In line with a request by the NCL’s management we did not publish them in this week’s League Express, as clubs have until today (9th April) to submit observations and requests, so there could well be significant changes) but we deid publish details of the seven Regional Leagues which are also now available here on

I reckon the Conference bosses have done a very good job in all the circumstances, even if not all clubs will be entirely pleased. Some may feel they should be in a different regional league, and others may worry about having to face opposition that, twelve months ago at any rate, was significantly superior.

But it has to be recognised that the NCL’s Management was presented with a challenging situation. And the format, which will climax in a four-match Grand Finals day on a date and at a venue to be announced, is to my mind stimulating and which certainly whets the appetite for the new campaign, which is set to start on the penultimate Saturday of May.

Most clubs can look forward to plenty of ‘derby’ fixtures and, hopefully (and if allowed), big crowds. And NCL chairman Trevor Hunt made a fair point when he said that the absence of promotion and relegation this year will give coaches the chance to field more fringe or young players than they might otherwise have done, which has to be a good thing.

I’ve often written in recent years that the NCL, outside the top flight anyway, could perhaps benefit from being regionalised, with the impact of travel on the environment – and the costs involved – being pertinent factors. I wonder whether the NCL’s 2021 format, which has been arrived at in a crisis, could turn out to be a template for the future.

On a less agreeable issue I’ve got to confess that I’m not much of a user of social media (or, as I usually call it, anti-social media).

I stood back from it, other than for pressing work purposes, fairly quickly, mainly for practical reasons. Readers may be surprised at how many hours (enjoyable hours, admittedly) can be spent during the week dealing with amateur news, and time is often at a premium. So I regularly felt frustrated when, after spending what felt like five minutes or so opening a Facebook posting, I’d learn that the sender was celebrating having enjoyed a sandwich. I had to empathise with the soccer manager Tony Pulis who said that he was a non-user because it was “just a load of Herberts telling other Herberts what they’d had for tea.”

More importantly, I share the concerns of many over the well-documented political and social negatives of several social media platforms.

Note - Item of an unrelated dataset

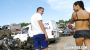 Когда обычный секс наскучил, она решилась на безумство — страстный минет и дикий трах прямо среди груды металла. Её губы жадно ласкают член, а потом она с восторгом впускает его глубоко в свою влажную киску, забывая обо всём вокруг. Финал — горячий поток наслаждения, который она с жадностью глотает, не скрывая восторга. Это видео — взрыв похоти и запретных фантазий, от которого невозможно оторваться!

Social media has its uses and benefits, I’m sure – as my family keeps reminding me – but on the whole I wish it had never been invented.

There was a case in point last week when the Rugby Football League found it necessary to remind clubs of the dangers of what they (or more likely some of their players) post on social media as we progress through the ‘return to action’ plan. The RFL is acutely aware that although the Government has set out a roadmap for the resumption of grassroots sport, all sports are doubtless being monitored, and that postings of team and group photos could potentially scupper everyone’s hopes. I find it astonishing that the RFL should have to remind anyone (even in fairly gentle fashion) of that. But, then, doesn’t that sum up how “anti-social” social media can be? And this is an instance in which the posters are not trying to bully anyone else.